Life gives, and life takes away, exactly like sports, which is its perfect sum, and the absolute second I reached the age of majority and I joined the Army Sports Group - something that, to an athlete, means to "have made it" somehow - I became complacent, I lost my competitive drive and was kicked out of the junior national team.
However, the picture I chose is not from that time. It was taken a couple of years later, and it is the picture I took of my first-ever World Cup bib number and pass.
It was a climb, a comeback.
It was the consequence of looking at myself in the mirror and tackling the person whose judgement I fear the most, the one that never lies to me, ever. I rolled up my sleeves and rebuilt my biathlon, coming back from averageness and fighting against my limits, to become a top-level professional.
And this is why that bib number is worth so much, to me.
Because it represent the conquer of something I took for granted, which is never so in sports, and because it captures, in a single shot, the approach that helped me to continue to improve over time, even as my age advanced.
Approach and the will to work hard, which are my values and also the values of all the people from Livigno, and which allowed me to take a piece of my home spirit up to the most important stage of all, the Olympics, which I chose for my fifth and last photographic memory.
It's a classic, perhaps a little boring, and I did it both in Pyeongchang and in Beijing.
I'm standing in front of the five rings of the Olympic Village, and, in all its simplicity, it expresses the meaning of the experience I lived during my Olympic cycles.

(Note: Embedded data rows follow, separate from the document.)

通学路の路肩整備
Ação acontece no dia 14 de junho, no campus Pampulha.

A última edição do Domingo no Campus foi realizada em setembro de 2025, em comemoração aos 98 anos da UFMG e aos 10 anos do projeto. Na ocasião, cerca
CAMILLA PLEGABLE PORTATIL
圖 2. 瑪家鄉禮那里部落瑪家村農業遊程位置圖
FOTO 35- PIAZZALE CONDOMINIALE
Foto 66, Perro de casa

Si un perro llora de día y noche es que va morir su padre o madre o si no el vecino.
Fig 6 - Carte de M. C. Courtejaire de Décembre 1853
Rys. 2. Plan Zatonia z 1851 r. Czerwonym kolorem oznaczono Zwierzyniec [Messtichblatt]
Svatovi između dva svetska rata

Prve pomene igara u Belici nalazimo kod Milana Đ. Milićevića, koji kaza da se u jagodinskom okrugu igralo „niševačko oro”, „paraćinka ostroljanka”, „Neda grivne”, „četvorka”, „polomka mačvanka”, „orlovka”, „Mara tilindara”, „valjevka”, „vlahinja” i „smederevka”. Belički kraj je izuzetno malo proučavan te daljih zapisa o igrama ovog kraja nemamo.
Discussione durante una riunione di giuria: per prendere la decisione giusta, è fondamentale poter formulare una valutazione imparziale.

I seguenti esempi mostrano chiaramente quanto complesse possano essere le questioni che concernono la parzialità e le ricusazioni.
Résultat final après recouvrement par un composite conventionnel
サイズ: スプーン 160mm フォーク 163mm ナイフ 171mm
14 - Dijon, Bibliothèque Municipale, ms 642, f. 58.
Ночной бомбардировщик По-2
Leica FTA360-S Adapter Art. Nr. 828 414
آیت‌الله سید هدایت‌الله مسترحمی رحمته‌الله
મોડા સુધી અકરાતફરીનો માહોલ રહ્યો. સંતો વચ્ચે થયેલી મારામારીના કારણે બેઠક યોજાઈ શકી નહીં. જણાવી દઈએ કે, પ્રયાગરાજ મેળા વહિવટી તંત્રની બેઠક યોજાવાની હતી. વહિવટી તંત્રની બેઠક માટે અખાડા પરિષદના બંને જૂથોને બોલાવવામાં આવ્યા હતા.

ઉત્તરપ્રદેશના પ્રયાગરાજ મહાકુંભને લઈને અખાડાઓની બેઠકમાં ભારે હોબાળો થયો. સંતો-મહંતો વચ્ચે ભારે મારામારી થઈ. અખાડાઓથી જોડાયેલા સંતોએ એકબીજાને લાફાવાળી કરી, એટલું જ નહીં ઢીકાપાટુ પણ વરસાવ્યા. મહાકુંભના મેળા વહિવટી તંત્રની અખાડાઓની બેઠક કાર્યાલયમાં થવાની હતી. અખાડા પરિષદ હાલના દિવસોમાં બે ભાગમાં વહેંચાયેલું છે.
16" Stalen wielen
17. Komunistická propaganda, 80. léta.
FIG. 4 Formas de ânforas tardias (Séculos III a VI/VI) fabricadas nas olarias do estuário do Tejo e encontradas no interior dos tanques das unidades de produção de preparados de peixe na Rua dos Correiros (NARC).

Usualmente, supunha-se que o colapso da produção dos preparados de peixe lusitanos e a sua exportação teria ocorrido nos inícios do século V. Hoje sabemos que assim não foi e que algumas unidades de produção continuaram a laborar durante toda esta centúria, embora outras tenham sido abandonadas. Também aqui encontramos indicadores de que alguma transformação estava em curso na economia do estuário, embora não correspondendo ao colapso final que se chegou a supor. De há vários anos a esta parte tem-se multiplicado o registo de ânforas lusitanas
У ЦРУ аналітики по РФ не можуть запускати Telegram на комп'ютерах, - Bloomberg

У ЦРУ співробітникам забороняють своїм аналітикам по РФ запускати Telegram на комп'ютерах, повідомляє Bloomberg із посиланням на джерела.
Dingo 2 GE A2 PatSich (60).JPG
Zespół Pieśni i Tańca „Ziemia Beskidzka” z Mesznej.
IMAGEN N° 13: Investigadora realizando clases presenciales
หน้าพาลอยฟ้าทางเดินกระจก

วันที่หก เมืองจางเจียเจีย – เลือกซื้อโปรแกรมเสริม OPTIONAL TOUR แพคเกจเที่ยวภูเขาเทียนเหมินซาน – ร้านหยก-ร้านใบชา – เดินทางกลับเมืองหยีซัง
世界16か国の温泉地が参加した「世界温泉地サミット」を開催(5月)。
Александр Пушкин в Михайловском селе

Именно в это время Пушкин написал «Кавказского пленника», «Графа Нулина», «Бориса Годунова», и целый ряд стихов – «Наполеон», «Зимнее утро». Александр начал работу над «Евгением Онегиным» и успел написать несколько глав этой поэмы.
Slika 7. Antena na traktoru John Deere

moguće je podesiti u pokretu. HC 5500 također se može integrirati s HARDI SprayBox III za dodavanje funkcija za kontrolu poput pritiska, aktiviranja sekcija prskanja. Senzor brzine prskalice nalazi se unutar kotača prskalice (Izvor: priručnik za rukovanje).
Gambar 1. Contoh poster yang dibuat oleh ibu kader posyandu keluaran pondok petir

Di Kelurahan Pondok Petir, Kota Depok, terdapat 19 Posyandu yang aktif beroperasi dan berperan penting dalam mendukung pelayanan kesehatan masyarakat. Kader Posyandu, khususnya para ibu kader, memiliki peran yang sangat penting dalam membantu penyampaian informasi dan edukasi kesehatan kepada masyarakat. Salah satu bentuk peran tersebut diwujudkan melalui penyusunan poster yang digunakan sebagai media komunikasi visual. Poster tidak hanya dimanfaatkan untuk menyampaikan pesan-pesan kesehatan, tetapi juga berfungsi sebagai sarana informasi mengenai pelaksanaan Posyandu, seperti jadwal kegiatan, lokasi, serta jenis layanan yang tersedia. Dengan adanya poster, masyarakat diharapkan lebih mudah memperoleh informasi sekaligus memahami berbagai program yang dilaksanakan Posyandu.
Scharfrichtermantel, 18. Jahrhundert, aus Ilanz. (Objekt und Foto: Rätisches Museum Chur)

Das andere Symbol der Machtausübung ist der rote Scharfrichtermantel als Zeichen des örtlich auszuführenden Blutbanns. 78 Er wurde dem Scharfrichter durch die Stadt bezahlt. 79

The Olympic Games are the end of a four year long path, and the beginning of a similar journey that will start as soon as the cauldron goes off, and you start planning your future, without a break.
This is why the Games are like getting back home.
A journey before and after: these are the only two weeks when you are not going anywhere, you are just in the present.
They are yours.
They are a moment to live with all the consciousness you have, hoping to leave a mark for those who will come after you.
A common instant with your own story, where you should stop and ponder, and which perfectly closes a special collection, my personal album I treasure in my drawer, which, from time to time, it's nice to dust off together, when it matters the most.